The Caribbean has its fair share of ghost stories and tales of the supernatural. The story of the “White Witch of Rose Hall” is one of the most famous.
The legendary tale of Annie Palmer, or “the White Witch of Rose Hall”, became so famous that Johnny Cash recorded a song about it in 1973.
However, unlike the happy, upbeat nature of Cash’s song, Annie’s story is sinister and unnerving. According to legend, she was born in Haiti, but her parents were Irish and English. After they died of yellow fever, a nanny took over Annie’s care, and taught her witchcraft and voodoo. After her caretaker passed away, Annie moved to Jamaica. There she married a man named John Palmer, the owner of Rose Hall Plantation.

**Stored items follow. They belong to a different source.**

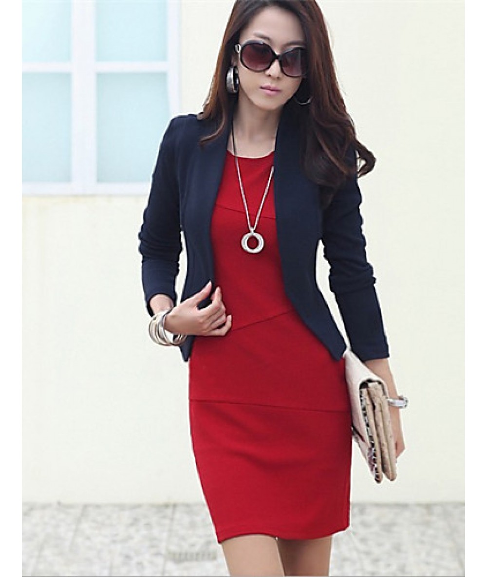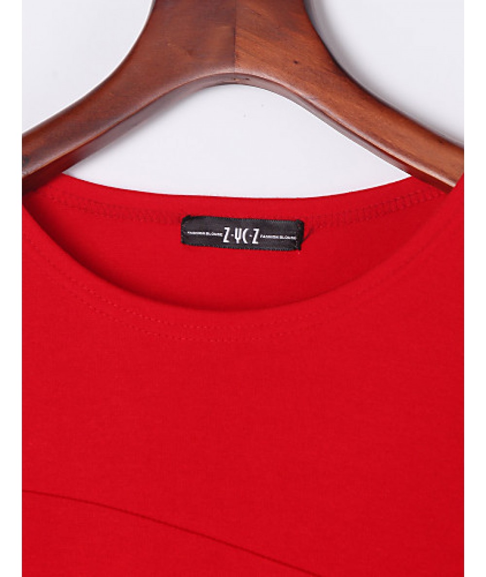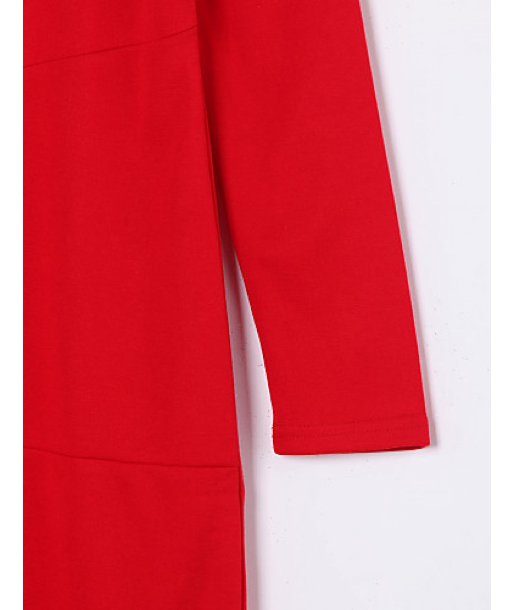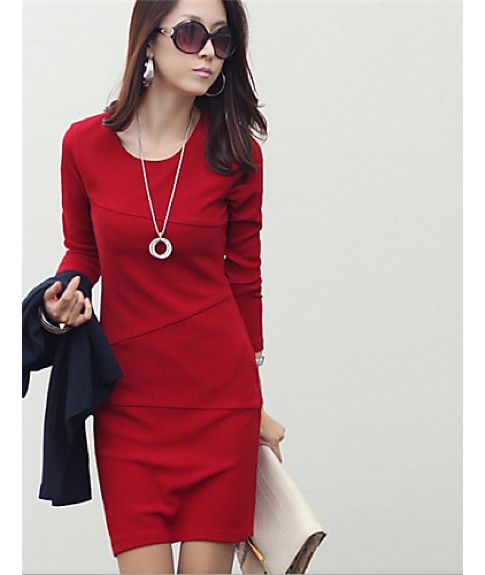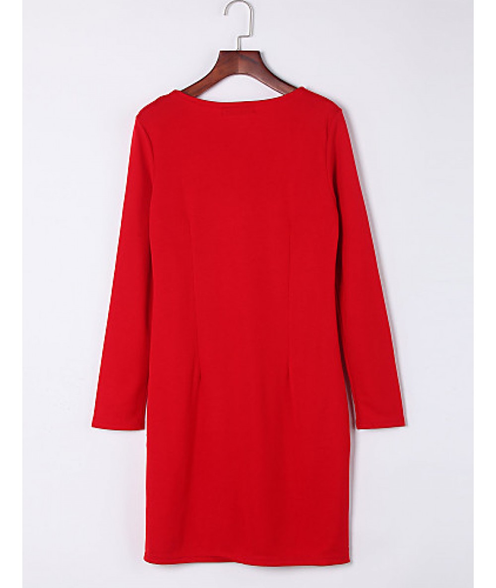 Women's Work / Plus Size Dress,Solid Round Neck Mini Long Sleeve Red / Beige Polyester Summer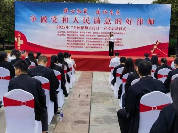 为贯彻 “律心向党 建功支点” 活动要求,让法律服务贴近民生,9 月25 日上午,由黄冈市司法局、黄州区司法局、黄州区文化和旅游局、黄冈市律师协会联合主办的2025年“全国律师宣传日” 活动在李四光纪念馆门前开启。黄冈城区13 家律师事务所的律师代表,及市、区司法局相关负责人共同参与,为市民送上 “法治大礼包”。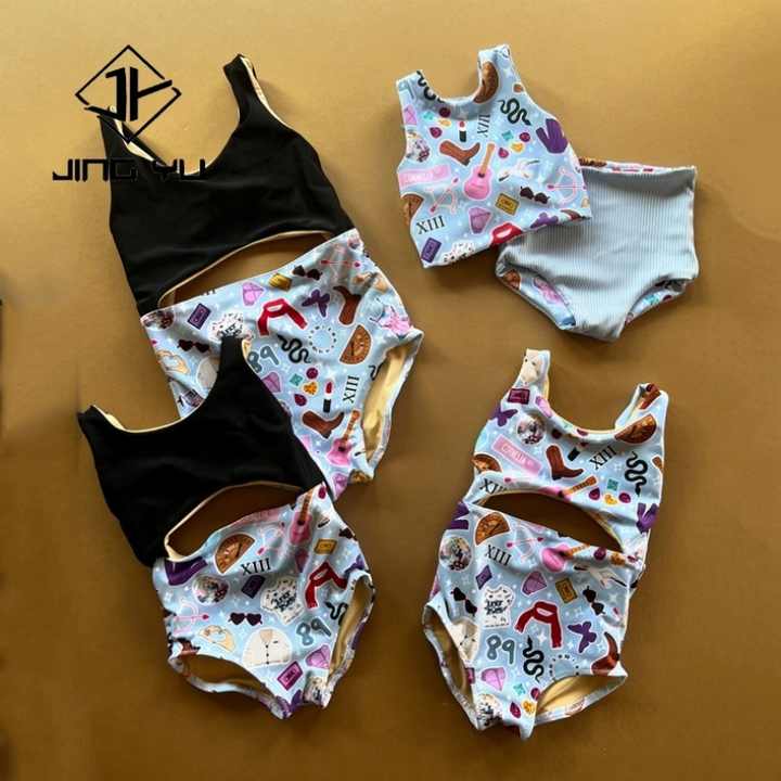 ชุดว่ายน้ำบิกินี่เด็ก พิมพ์ลายหลากหลายแบบ ผลิตตามสั่ง MOQ ต่ำ ไนลอน 1.85% สแปนเด็กซ์ 15%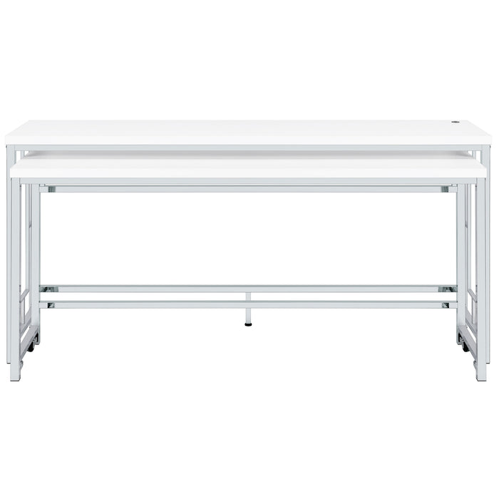 We love this modern five-piece counter height dining set in place of a console behind a floating sofa, offering exceptional versatility and refined style in any setting. It boasts two nesting tables, each long and narrow like a sofa table, but paired with three backless stools that tuck underneath. It's the perfect spot for drinks with friends on game day, or setting yourself up to work from home on a snowy day. The silver and white set features a larger table with wheels on the smaller table to create any configuration that works for you. Stools are decorated with artistic bases with open, floating frames that add Deco flair and white faux leather upholstery over padded seats for optimal comfort.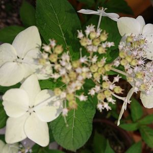 ヤマアジサイの装飾花がすっかり色付き 真花が咲いてきました。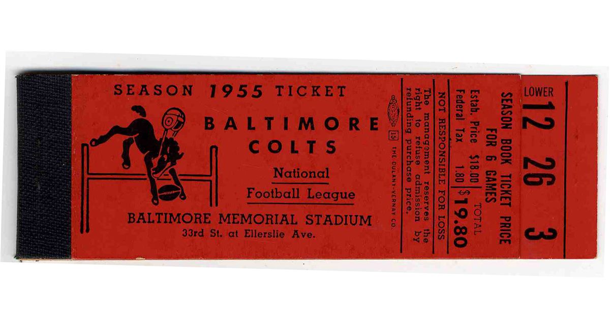 1955 Baltimore Colts Season Ticket Booklet -- All Tickets For Lower Section Seats Removed -- 5.5'' x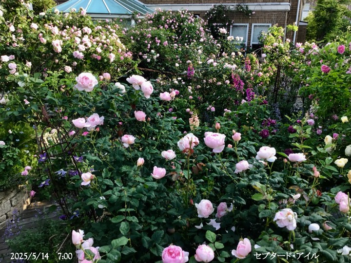 “セプタード・アイル”ミルラの香りで連続咲き。26年前から「無農薬バラ育て」研究に貢献。感謝です。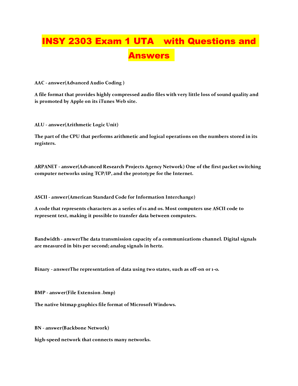 Computer Networking > QUESTIONS & ANSWERS > INSY 2303 Exam 1 UTA with Questions and Answers (All)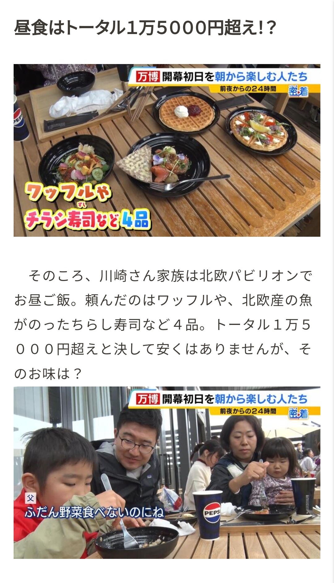万博4人家族、昼飯4品で1万5000円のメニューがこちら

Sadly, Annie was unhappy with her life on the plantation. She apparently cheated on her husband with a few of their slave workers. When John caught her in the act, he beat her. Enraged, she killed him the next day by poisoning his coffee.
Reign of terror
Now that Annie had Rose Hall to herself, she could do as she pleased. The story goes that she tortured some slaves, and had romantic liaisons with others. In addition, she was even so cruel as to require slaves to whistle whenever they were around food in her pantries or kitchen, so that she could ensure they weren’t eating any of it. Those that didn’t whistle lost their heads, since Annie could only assume they were busy chewing instead of whistling. This kind of behavior, plus her tendency to practice voodoo, earned Annie the title of “White Witch of Rose Hall”.
Annie went on to marry two other men. However, she killed them both to obtain their money. She continued her gruesome “reign” for many years, until she finally met her downfall at the hands of one of her slaves and former lovers. This slave, called Takoo, killed Annie after she used voodoo to cause the death of his granddaughter.
The true story
Like many Caribbean ghost stories, facts are mixed with fiction to create tales that are interesting, but not historically accurate.
In 2007, American writer Benjamin Radford conducted a thorough investigation of the story, and concluded that it is mostly fiction. He said that the tale is most likely a conglomerate of a character from a famous Jamaican novel called The White Witch of Rosehall by Herbert G. de Lisser, published in 1929, and the actual mistress of Rose Hall, whose name was Rosa Palmer. Apparently Rosa had four husbands, but was never involved in murder, adultery, or voodoo.
Visiting Rose Hall
Today, you can tour the real Rose Hall, which is a stately Georgian mansion built in the 1770s. Located near Montego Bay in Jamaica, the house was restored in the 1960s. The current owner is former Miss World USA Michele Rollins.
The curators at the Great House pay homage to the legends of the White Witch of Rose Hall, offering nighttime tours that are “not for the faint of heart”, according to the Rose Hall website. In addition, you can play golf on an 18-hole course named after the white witch.